By Dr Simon Brooks, Associate Professor

There could hardly be a more apposite time to be talking about resilience.

The Covid-19 pandemic has brought to the fore the need for individual resilience, societal resilience and organisational resilience. At the same time, the word ‘together’ is appearing everywhere, on signage and stickers, telling us we are “all in this together” and suchlike. This implicit linking of resilience with togetherness leads me to reflect that nowhere is the need for these two attributes more evident than in the provision of health and care.

I am part of a team of academics and practitioners who are examining the importance of ‘togetherness’ in the form of collaboration between the life science industry and the public sector in the delivery of health and care.

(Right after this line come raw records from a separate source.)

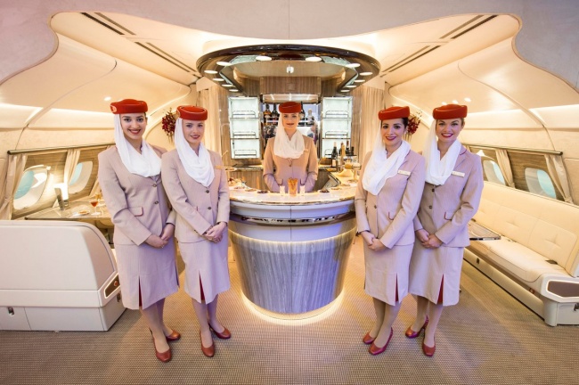 Авіакомпанія Emirates дуже серйозно ставиться до зовнішнього вигляду своїх співробітників, тому не дивно, що їх форма одна з найбільш пізнаваних. Стюардес навіть окремо навчають правильно носити головний убір і зав'язувати шарф.
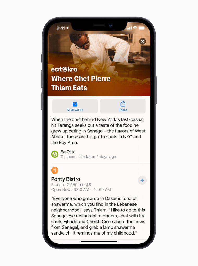 Apple Maps นำเสนอ Apple Maps Guide ที่สร้างร่วมกับ EatOkra เป็นไดเรกทอรี่ธุรกิจที่มีเจ้าของเป็นคนผิวสี ตั้งอยู่ใน Brooklyn
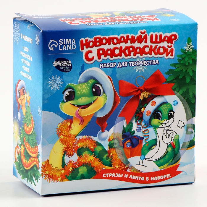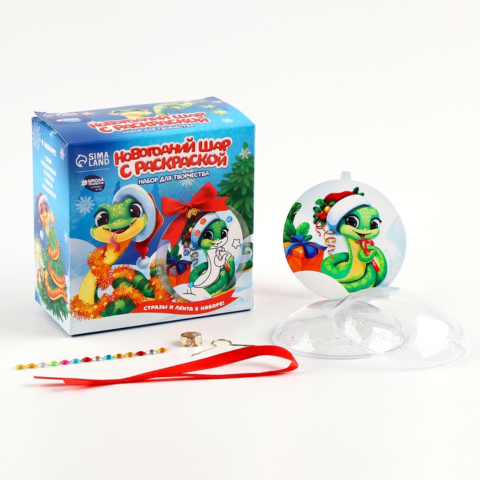 Ёлочный шар своими руками на новый год с раскраской «Змея», новогодний набор для творчества, символ года 2025
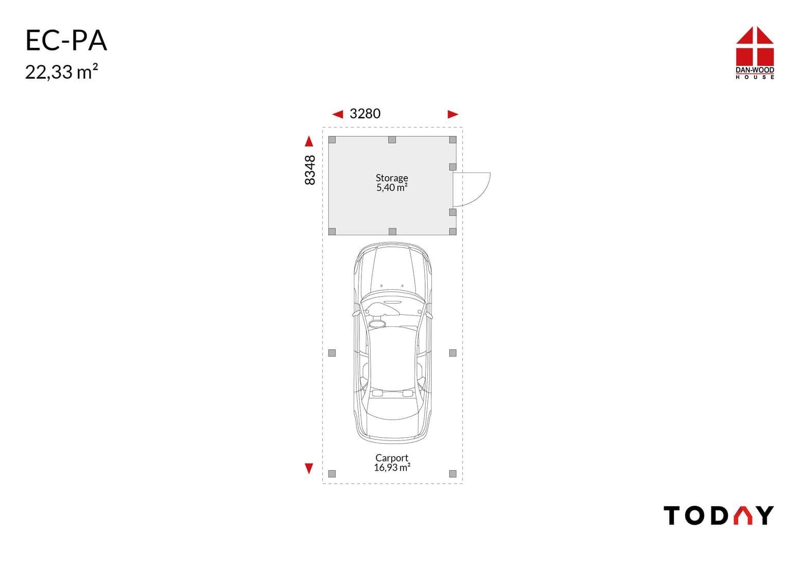 Single carport with utility room and pent roof (22.33m²); external dimensions 3.016m x 7.996m.
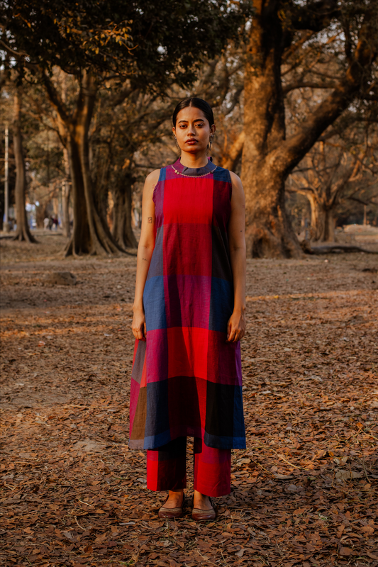 Red Multicoloured Checks Hand Embroidered Handloom Cotton Half & Half Kurta
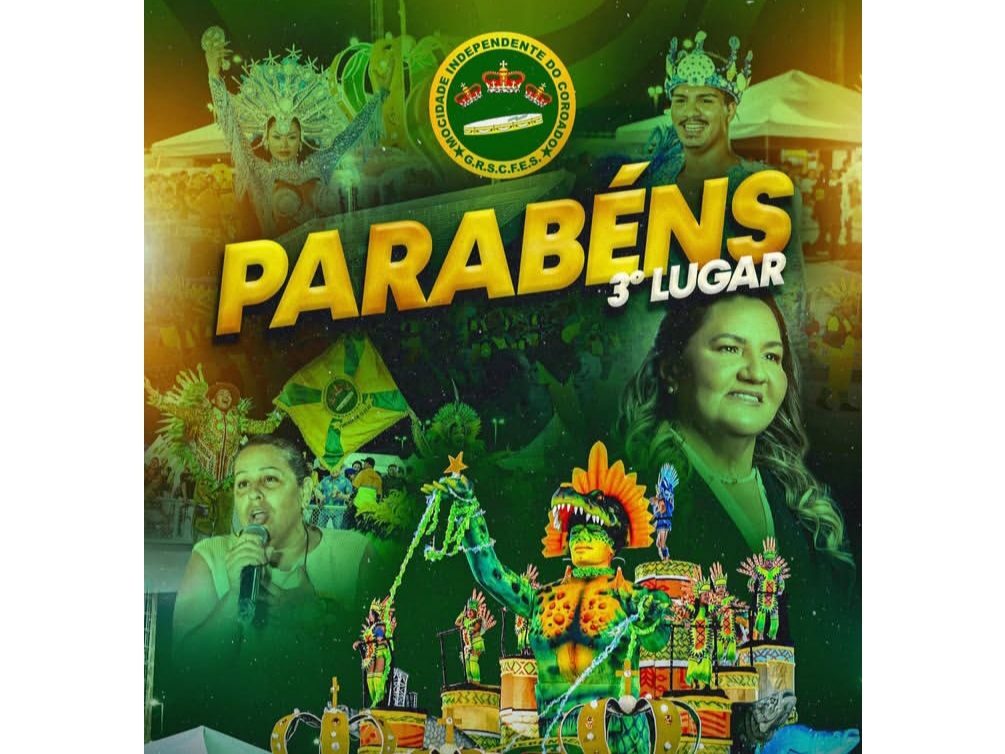 A Mocidade Independente do Coroado celebrou o terceiro lugar como fruto do trabalho coletivo e da força da comunidade, reforçando a tradição do Carnaval no município.
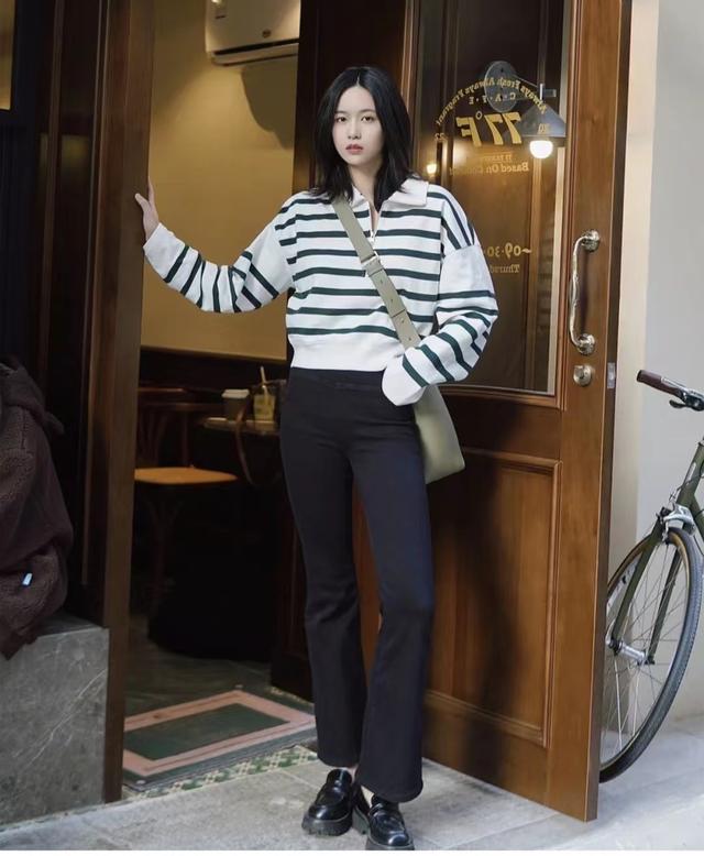 种草裤,建议小腿有点外翻的X腿妹子多尝试喇叭裤,腿型臀部包裹性好。九分裤长配黑色厚底乐福鞋,绿色条纹配同色系包包,好和谐在一起~

We have tried to understand the conditions that need to be in place for successful collaboration, as well as beginning to investigate how this process might be best managed.

The idea of public and private sector partnerships is obviously nothing new, but the key focus of our work is placing the recipient of care at the heart of the ‘value’ equation. Anyone who has studied management will be familiar with the centrality of value in strategy. In the 1980s, Michael Porter of Harvard Business School drew attention to the importance of adding value to the consumers of your goods and services, as well as extracting value in the form of profit for your company. He later developed the idea of ‘creating shared value’ between the private sector and society, as well as focusing specifically on Health and Care provision to introduce the idea of ‘Value-Based Health and Care’.

So, if collaboration is to work to increase the resilience of health and care delivery, and maximise value for patients, we need to address two over-arching questions. Firstly, what foundations need to be in place, and secondly, under what shared principles should the collaboration be managed?

An in-depth examination of Value-Based Health and Care research shows that five inter-linked guiding conditions should be present.

Firstly, the collaboration should be truly multi-disciplinary, where the knowledge and value that all stakeholders can offer is brought to bear.

Secondly, a robust technological infrastructure to gather, store, and share information is key.

Thirdly, measure the right things that contribute to value; patient reported outcomes alongside the cost of care.

Fourth, we need to understand the full cycle of care to get a holistic (rather than fragmented) picture.

Finally, innovative financial models that incentivise the centrality of patient value for all stakeholders are needed.

To approach the answer to our second question we considered what is at the root of resilience and concluded that adaptability is key. However, adapting cannot simply mean ‘blowing with the wind’ as it were, so what is needed is a form of what INSEAD academic Yves Doz calls ‘strategic agility’. This is broadly defined as maintaining an overall mission, or strategic direction, while at the same time remaining sufficiently ‘fleet of foot’ to respond to unexpected changes.

For collaboration to be sustainable and resilient, it needs to be organised around three principles that underpin strategic agility.

Firstly, all collaborators should remain strategically sensitive and alert to changing circumstances and develop communication channels to make sense of these changes.

Secondly, collective commitment to action is needed, avoiding political and selfish ‘win-lose’ calculations among collaborators that risk delaying decisions.

Finally, resource fluidity is essential, not only financial but staff deployment, sharing knowledge and reconfiguring infrastructure is implied here.

Our forthcoming paper (Rees et al, 2020) in ‘Transforming Government, People, Policy and Process’ sets out these ideas in more detail, but our main message to policymakers and those charged with implementation is that value to the patient is central. To achieve this focus, however, requires the establishment of and management of effective collaboration, based on a number of underpinning conditions.

Fundamentally though, as Covid-19 has shown us, the implementation and maintenance of this collaboration will depend on adaptability to ensure long-term resilience.